As for why is gold rising, here is what we told our paid subscribers on Monday.
" Gold's sharp rebound largely reflects the weakness of the US jobs report, which is deemed a powerful confirmation for further asset purchases by the Federal Reserve. Such reflexive moves disregard the possibility that any quantitative easing from the Fed will be sterilized by sales on the shorter-maturity notes, regardless of whether MBS or US treasuries are purchased on the long end.
Thursday's Chicago PMI hit its lowest level since October 2009 at 52.7 in May, from last months 56.2. The index has fallen by 10 points in 2 months, pushing its New Orders sub-index to the lowest since September 2009. Looking at our charts, the common denominator in all graphs, is the lower highs formation, whereby each series attempts to regain its 2010/2011 highs but fails half way. "

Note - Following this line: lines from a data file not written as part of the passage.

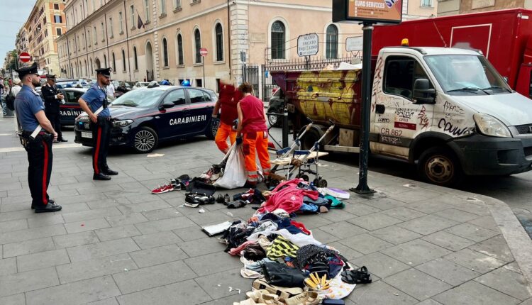 Nel corso dei controlli i Carabinieri hanno effettuato uno sgombero sul marciapiede di via Principe Amedeo, nel quartiere Esquilino, con l’ausilio del personale “Ama”, dove era stato allestito un mercatino abusivo da cittadini stranieri.
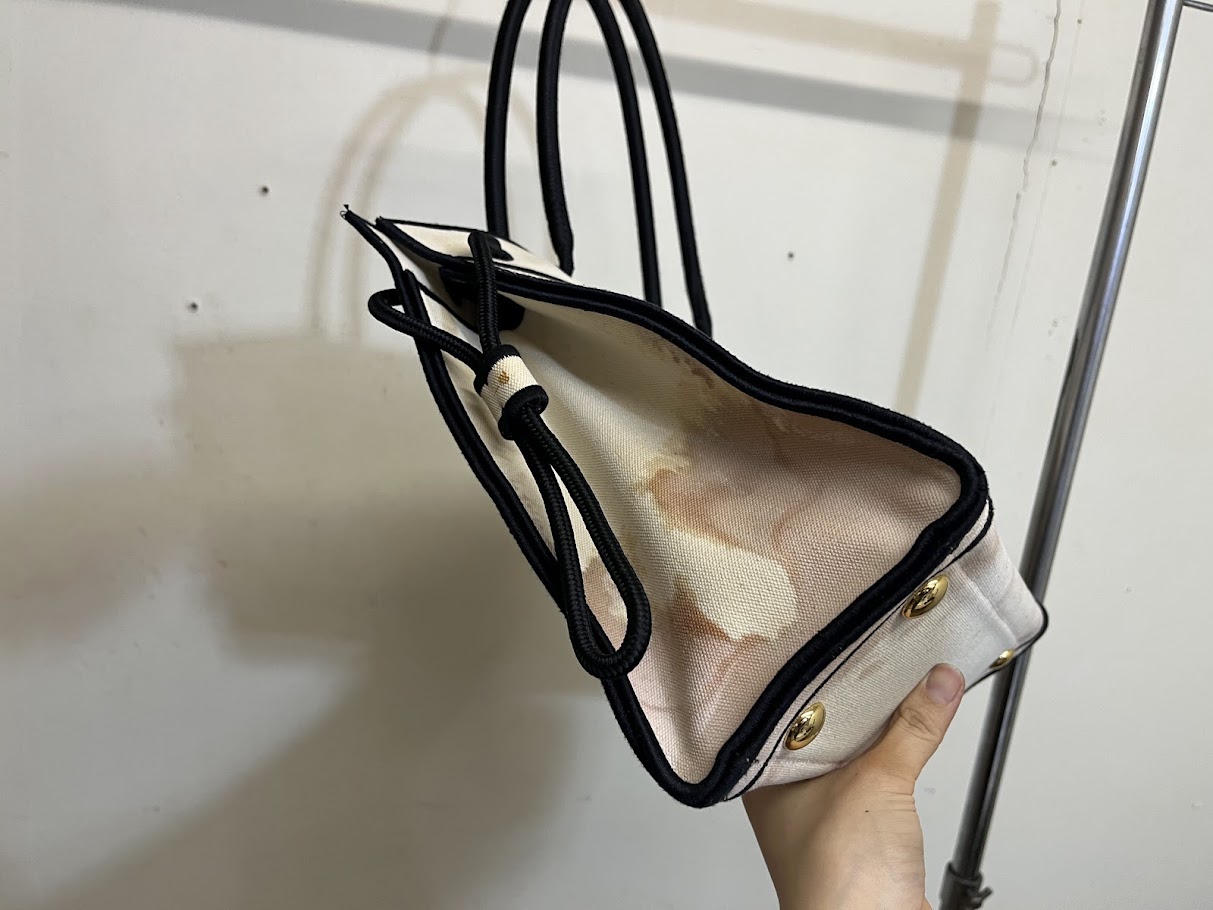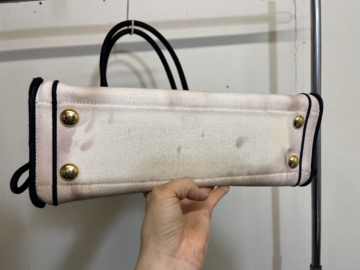 この様な状態のアイテムへの選択肢は、(当店では)最も暗いお色に染め直すブラックカラーチェンジ1択となっております( ー`дー´)キリッツ
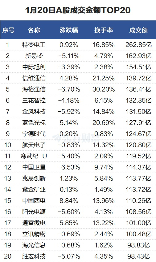 1月20日,上证指数跌0.01%,收报4113.65点;深证成指跌0.97%,收报14155.63点;创业板指跌1.79%,收报3277.98点。

For detailed look on the above , subscribers to the Intermarket Insights can have full access in Monday's piece.
http://ashraflaidi.com/products/sub01/access/?a=643
Non subscribers can click her to join:http://ashraflaidi.com/products/
Ashraf
Ashraf
Ashraf
It is with great interest that I read this post today and find it very topical as I am wondering if we are about to live another "Deja-vu" moment with gold & silver (on a crunched timeline hopefully?) and have the same situation that happened from December to March unfold in front of us?
I am sadly noticing that litterally straight after you published this post back in March both silver and gold tanked from a high to a low similar to the one at the end of 2011.

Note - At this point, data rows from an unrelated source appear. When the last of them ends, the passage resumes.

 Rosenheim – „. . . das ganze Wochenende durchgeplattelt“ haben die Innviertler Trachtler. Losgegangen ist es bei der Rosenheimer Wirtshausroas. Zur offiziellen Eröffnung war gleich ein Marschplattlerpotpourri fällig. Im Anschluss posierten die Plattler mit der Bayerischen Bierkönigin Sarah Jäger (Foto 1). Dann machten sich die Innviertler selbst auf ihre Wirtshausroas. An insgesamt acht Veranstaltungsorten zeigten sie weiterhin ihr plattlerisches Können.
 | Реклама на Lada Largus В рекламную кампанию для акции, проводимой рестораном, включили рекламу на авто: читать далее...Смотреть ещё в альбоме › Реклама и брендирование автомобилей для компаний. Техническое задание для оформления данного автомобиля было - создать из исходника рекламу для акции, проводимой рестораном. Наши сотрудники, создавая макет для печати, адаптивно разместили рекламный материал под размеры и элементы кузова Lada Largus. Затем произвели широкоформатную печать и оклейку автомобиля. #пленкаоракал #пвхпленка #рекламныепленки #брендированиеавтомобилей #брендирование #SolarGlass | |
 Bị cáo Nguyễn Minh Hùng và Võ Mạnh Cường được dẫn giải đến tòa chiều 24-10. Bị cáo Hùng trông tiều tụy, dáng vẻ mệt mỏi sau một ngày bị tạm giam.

The Gold to silver ratio went from a low 48 back in March to the high 57 at the moment (very similar to the high back in December 2011).

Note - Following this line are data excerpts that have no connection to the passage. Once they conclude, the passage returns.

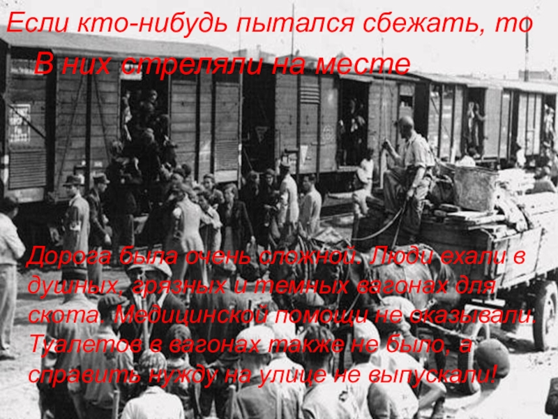 На пути следования- без пищи, без воды люди умирали, а мертвецов оставляли во время стоянки на обочине железной дороги. Этот кошмар длился 18-20 дней…
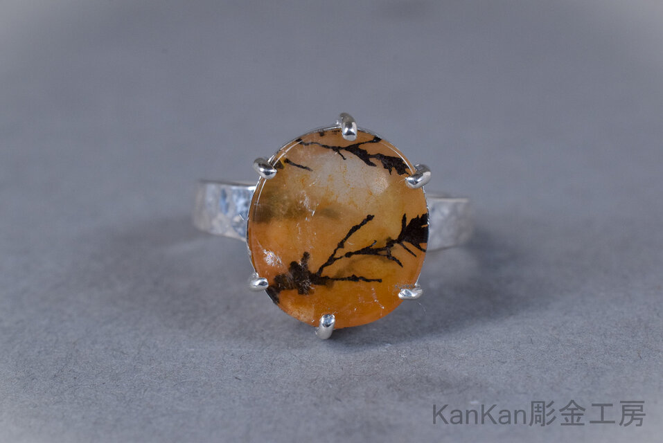 リング腕には全周に槌目を施し、金属の表情に揺らぎを与えました。
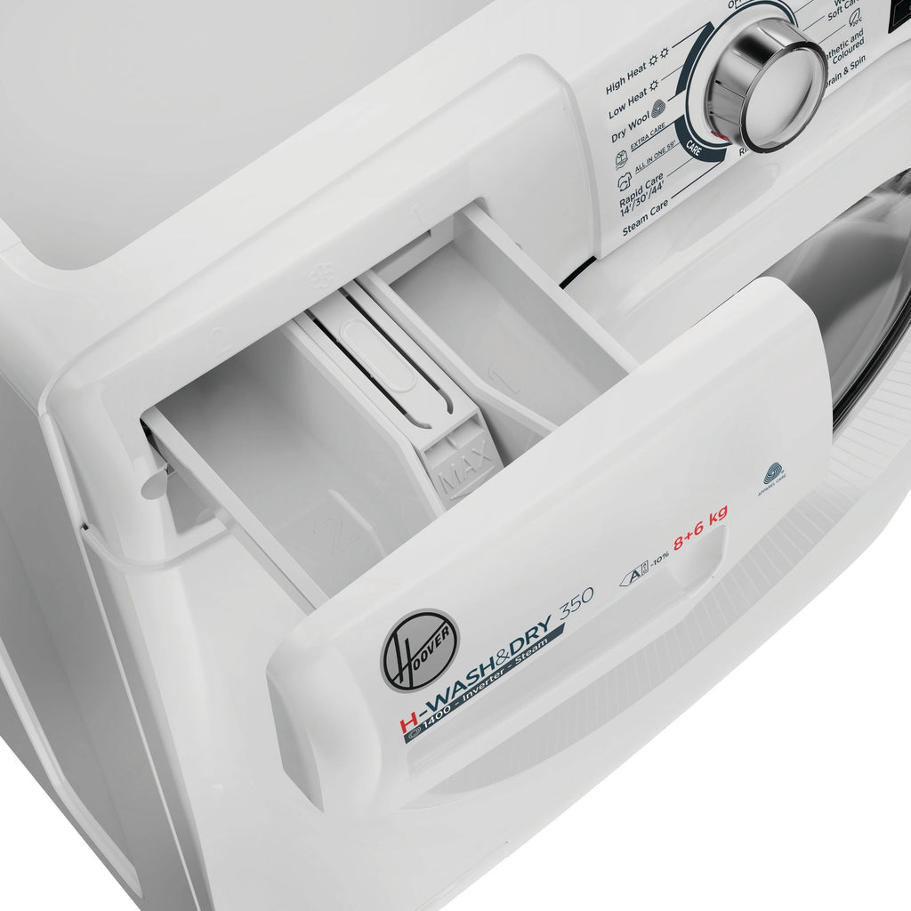 Take care of all the family’s laundry with Hoover H3DPS4866TAM6 H-WASH&DRY 350. A unique machine offering a complete set of Care cycles to keep your favourite clothes looking good for longer. The Allergy Care Pro cycle combines steam with a powerful rinse to remove allergens and bacteria from your fabrics. Paired with Steam Care Pro, which refreshes clothes and reduces wrinkles, you’ll have clean, fresh clothes in no time — and less ironing too.
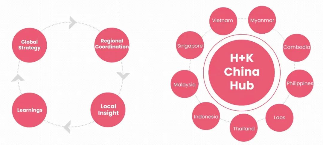伟达作为全球领先的国际公共关系咨询公司,以及第一家进入中国的国际公关公司,不仅对东南亚市场的复杂形势有深刻的了解和丰富的经验,而且能够理解中国客户的需求,并进行高效的沟通。基于伟达的 H+K China Hub 模型,位于北京、上海、深圳、广州、香港的办公室负责与中国企业的深度沟通,包括进入市场前的建议、整体的公共传播策略,同时帮助中国企业与东南亚的资源进行对接,以实现对当地的深度理解,促使本地化项目的顺利执行。
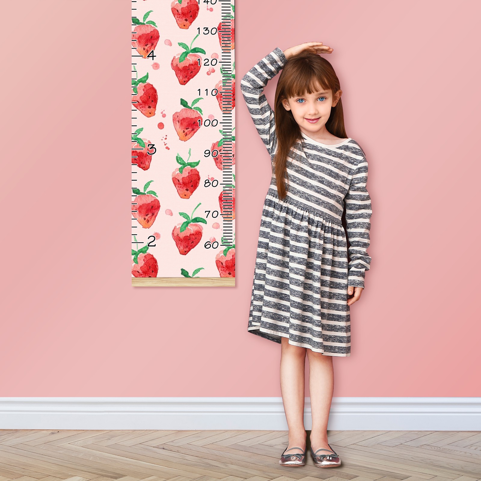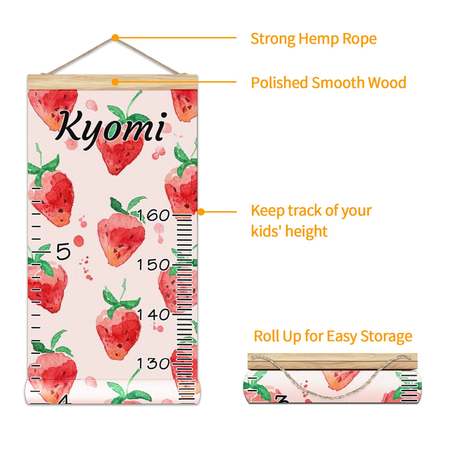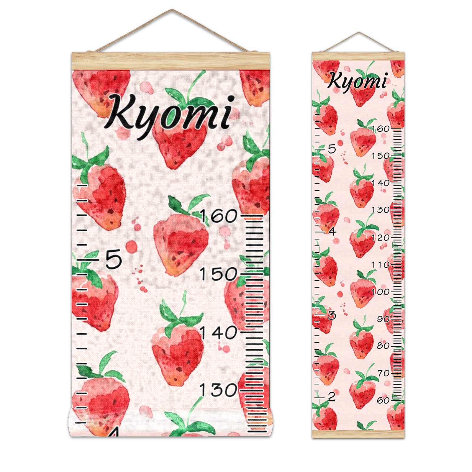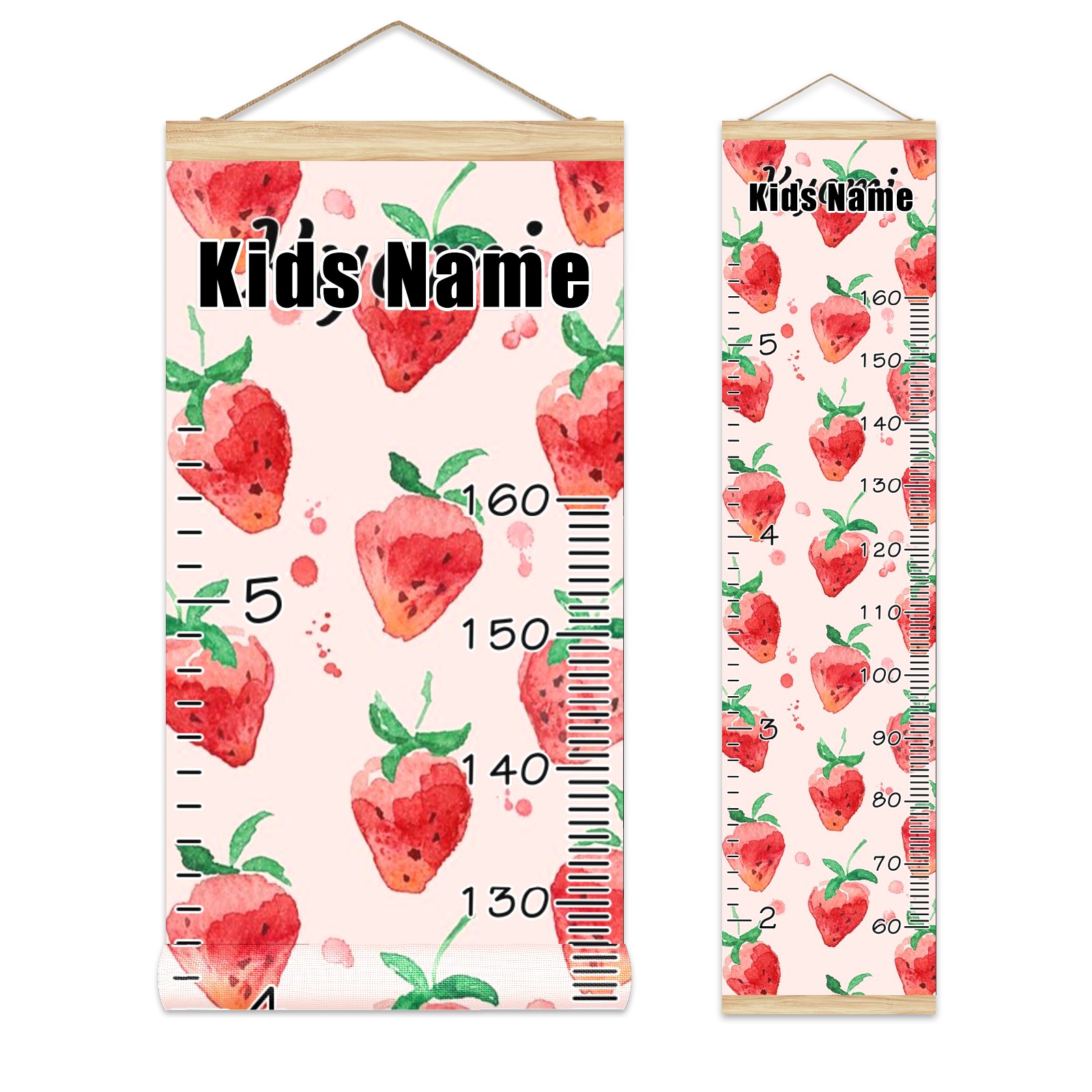 Personalized Kids Name Growth Chart Ruler for Wall Wood Frame Canvas Height Measure Chart 13.4x56 in Hanging Growth Chart Strawberry Fruit5.9 Boys Girls Room Decor

I would love to get your opinion on what has happened in the last few days, where we finally have seen the price of gold going up, breaking above both the 20 & 50eMA, but currently falling short of breaking through the down trendline from Sep 2011 (sorry cannot attach a picture/chart and no silver option in the above chart! for the other readers).
With the global competitive devaluation and potential QE3, it is what some have refered to as a "race to the bottom" that I also believe will ultimately benefit gold and silver, I cannot but notice how silver is currently lagging behind gold... Opportunity? Would love to hear your thoughts (in French or English!)